The Vintage Machinery site has a fairly detailed wiki page on magnetic starters:


The wiki page may help to back up what @graham-xrf recommended above (all of which seems sensible to me).

Craig
Disclaimer: I am not electrician and I've never even touched a VFD in real life!
 
David,
my lathe, all three-phase, used a transformer powered from one leg of the 3-phase to convert to 120v ac as a control voltage which runs to all the clutches, motor starters, control relays and push buttons.
because I run the motor (s) via the VFD, I removed the transformer from the circuit and ran a separate 120v ac line which is dedicated to the control elements.
 
So you have a Vfd for the grinding spindle...what are you going to run the pump from? It is also 3 phase.

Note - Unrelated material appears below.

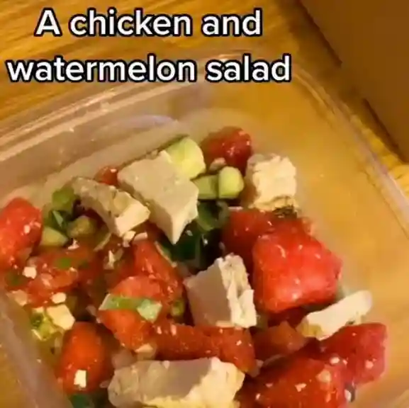 如果说上面的素食餐包有点惨,那这个“chickenandwatermelonsalad”就更厉害了,能不能对食物有最起码的尊重!

You can see the control transformer reduces the 3 phase hi voltage to a single phase low voltage....115 vac.
Control voltages are just that a lower voltage circuit almost always single phase meant to control the functions of the machine.
Older machines generally used 115 vac.
It wasn't until later that the use of DC control voltages started being used.
Avoid over complicated circuits on this simple unguarded machine.
 
The transformer is there to power the coils on the contractors (relays) that control the motors. Typically control circuits are 24v.